多个参数服务器虽然能在一定程度上缓解通信瓶颈，但是无法从根本上消除瓶颈。因此，百度率先开发了一种称环形归约的通信模式，通过均衡网络负载来减少通信时间。

假设有5个主机，每个主机上有1个GPU，网络相互连通，逻辑上可以看成环状，见图3。

图3

假设5个GPU上都已经分别计算出了自己的权重梯度Δw、Δw1…Δw4偏置梯度Δb、Δb1…Δb4，下一步是5个GPU之间要交换数据，使用每个GPU上都有值Δw+Δw1+…+Δw4和Δb+Δb1+…+Δb4。这个交换过程可用如下方式实现。

每个GPU都将自己的待交换数据分为5段，如图4，这里的段数5与参与通信的GPU数量相同。

图4

接下来进行第一圈轮转相加，每次1/5的数

第一圈之后状态如图5，每个GPU都有一小块满足要求的数据。

图5

第二圈是轮转替换，也需要5步。

图6

第二圈完成之后的状态如图6，每个GPU都得到全部数据的和，达到目标。

现在考查环形归约的通信时间。假设有10个服务器（对应图中的GPU）要相互交换数据，服务器之间网络为万兆以太网（带宽10Gb/s），需要传输的参数大小是1GB，第一圈轮转相加时，每步传递数据1/10=0.1GB，花费时间0.1/(10/8)=0.08秒，10步共花费0.8秒。第二圈通信也花费0.8秒，共1.6秒。

假设有100个服务器参与通信，容易知道共花费1.6秒。实际上，无论有多少个服务器参与通信，都是花费1.6秒。比主从模式好太多。

百度开发了环形归约的代码。英伟达对环形归约做了深度优化，做成一个闭源软件包NCCL2.0，具体优化手段保密十分严格，据说买它1亿元GPU产品的公司都打听不出来。本人机缘巧合得知了这个秘密，只是不能公开说。

Uber开发了一个小软件包horovod[2]，把NCCL2.0和TensorFlow对接了起来，摆脱了TensorFlow的Grpc通信组件，改用MPI通信，性能大幅提高。

交换权重

经过前面的准备，迎来大招。

主从模式和环形归约模式中，主机之间交换都是梯度数据。
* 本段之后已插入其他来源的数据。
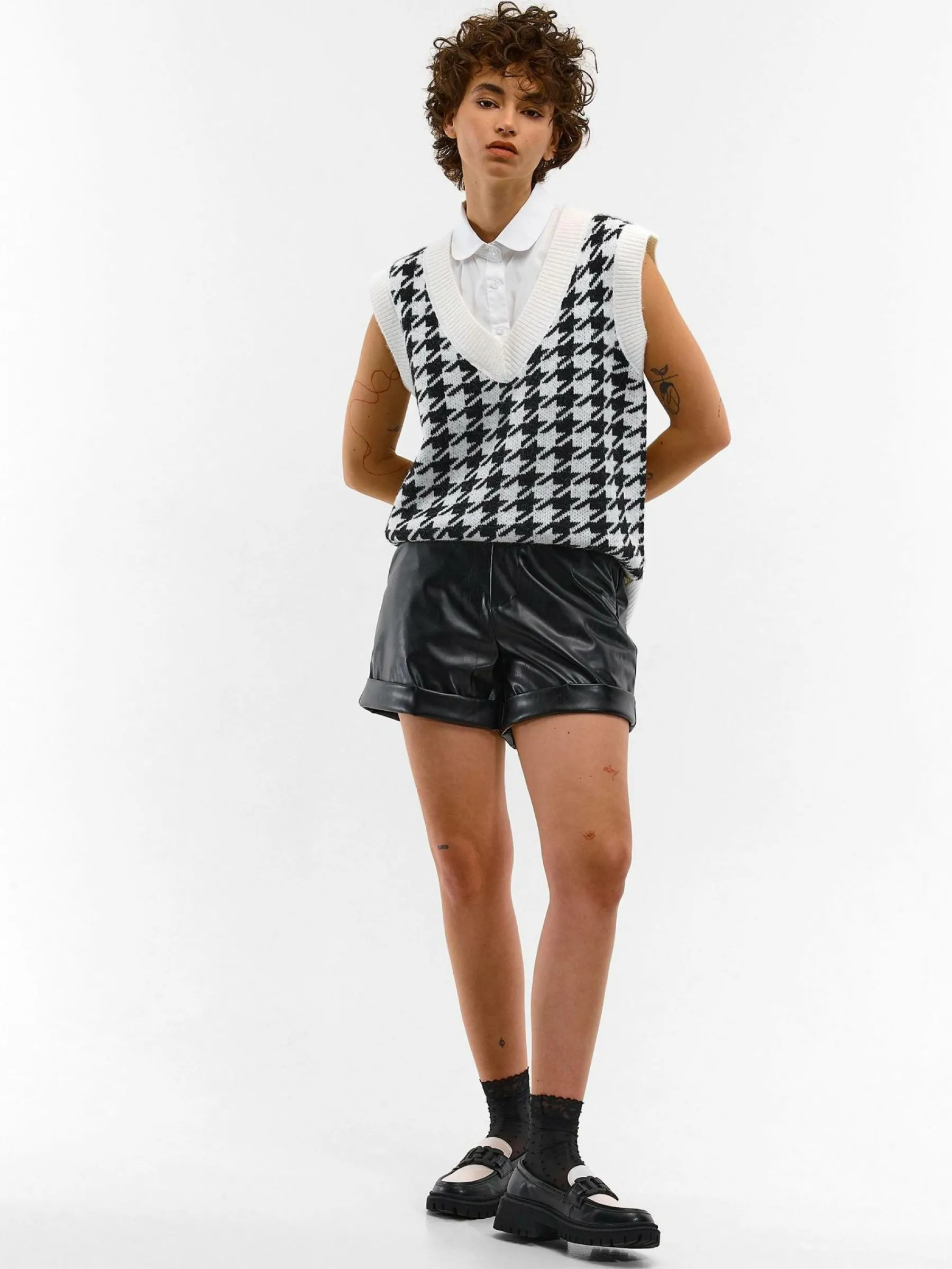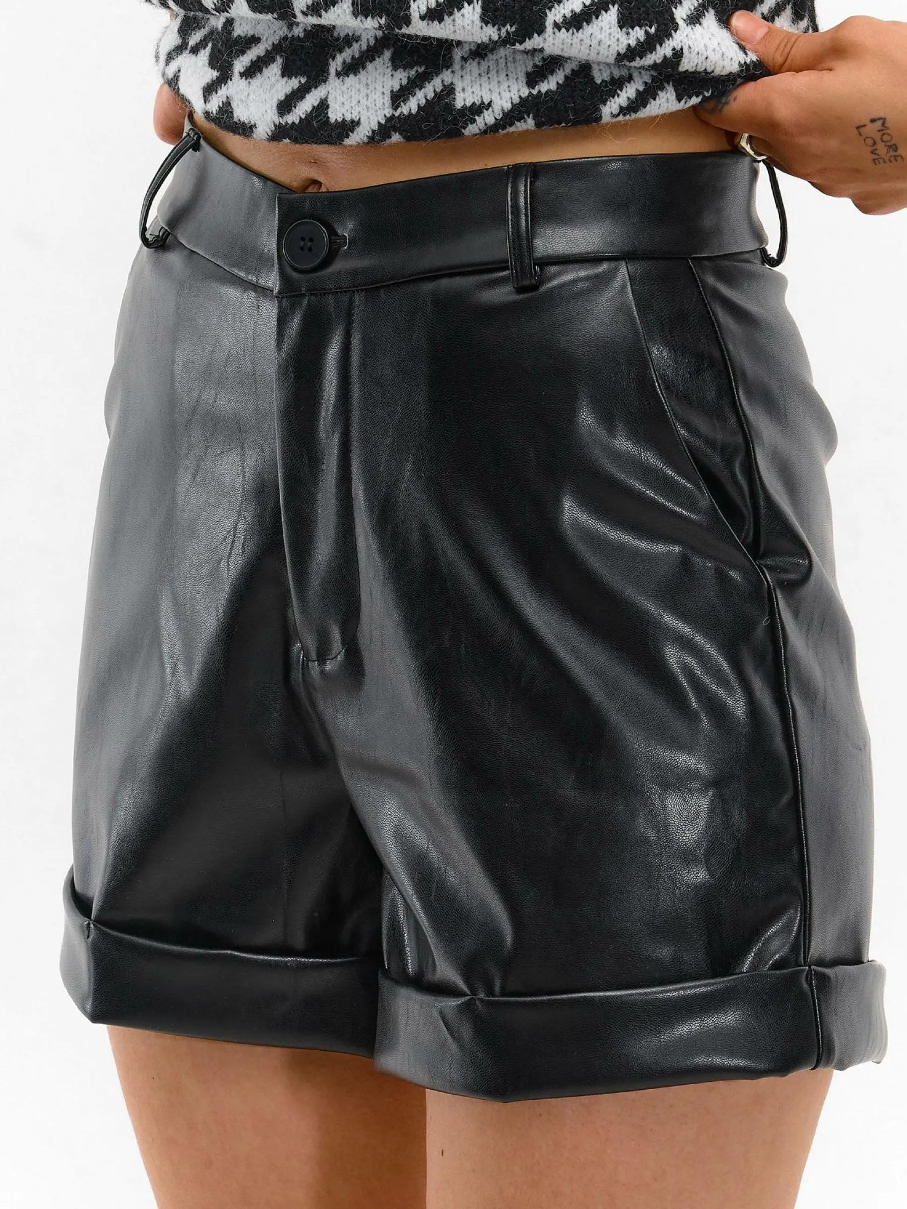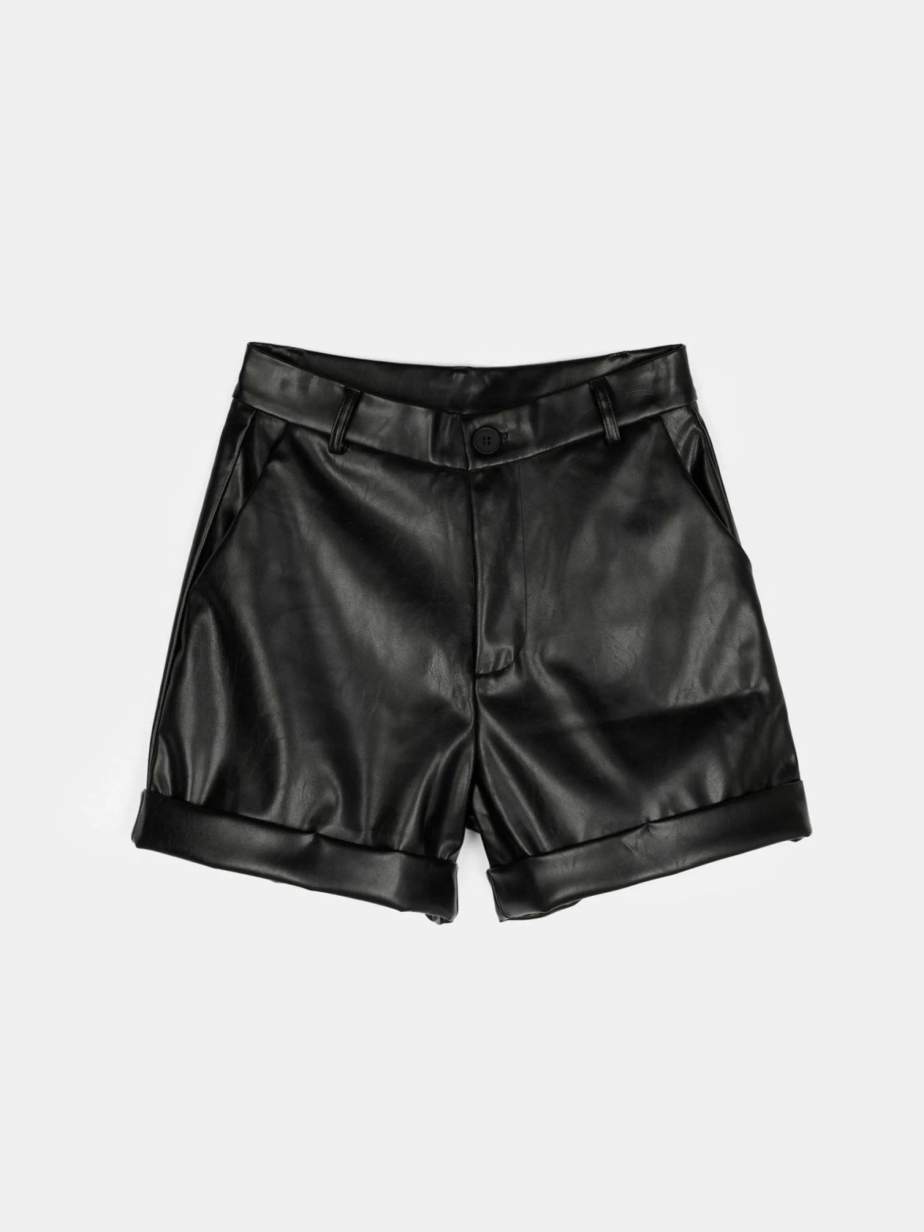 Kolor: czarnyKrój: z wysokim stanemTyp: spodenkiDługość: krótkiPattern style: pojedynczy kolorDetal: na zamek, z ki…

而梯度取决于当前样本、当前权重偏置，每计算完一批样本之后必须立即交换梯度，否则就导致收敛曲线振荡甚至不收敛。

如果想进一步减少通信时间怎么呢？有人想出了办法：通信时将梯度值由32位浮点精度降低为16位浮点精度，或者将梯度矩阵分解为两个向量（两个较小矩阵）的乘积。总之就是损失精度换取速度。
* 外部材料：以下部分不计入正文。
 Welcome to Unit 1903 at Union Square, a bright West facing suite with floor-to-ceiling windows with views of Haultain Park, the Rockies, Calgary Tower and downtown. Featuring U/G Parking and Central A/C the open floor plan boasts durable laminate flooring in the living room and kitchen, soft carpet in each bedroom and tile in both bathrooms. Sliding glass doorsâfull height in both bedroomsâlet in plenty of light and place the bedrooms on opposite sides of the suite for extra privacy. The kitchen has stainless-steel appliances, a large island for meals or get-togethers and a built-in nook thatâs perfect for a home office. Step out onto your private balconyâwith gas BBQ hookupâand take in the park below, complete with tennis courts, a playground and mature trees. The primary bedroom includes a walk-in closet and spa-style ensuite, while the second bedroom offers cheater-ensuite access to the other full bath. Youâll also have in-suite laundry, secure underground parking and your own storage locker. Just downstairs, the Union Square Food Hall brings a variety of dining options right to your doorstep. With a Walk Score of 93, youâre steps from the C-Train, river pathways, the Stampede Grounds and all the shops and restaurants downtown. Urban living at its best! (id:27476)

其实，仔细观察深度学习的通用公式就能发现减少通信时间的好方法：不通信。

从梯度更新公式可知，每一批样本数据都会对参数w和b做一些改动，这个改动量就是梯度Δw和Δb。通常情况下，训练样本都已经被混洗均匀，每批样本都与整体分布大致相符。如果使用Q批样本连续更新参数w和b，那么这些样本对参数的Q次改动已经积累在w和b中了。因此，不必训练完每批样本后立即交换梯度，而是在训练完Q批样本后再交换参数w和b本身。这里的Q可以随意指定，这也意味着可以任意比例减少通信时间，具体操作示意图见图7.

图7

代码实现。虽然有了思路，但在TensorFlow里实现不易，这是因为TensorFlow里都是更新梯度，可能没有想过为交换参数本身提供工具。在踩过多个坑之后发现，还是在TensorFlow之外通信方便。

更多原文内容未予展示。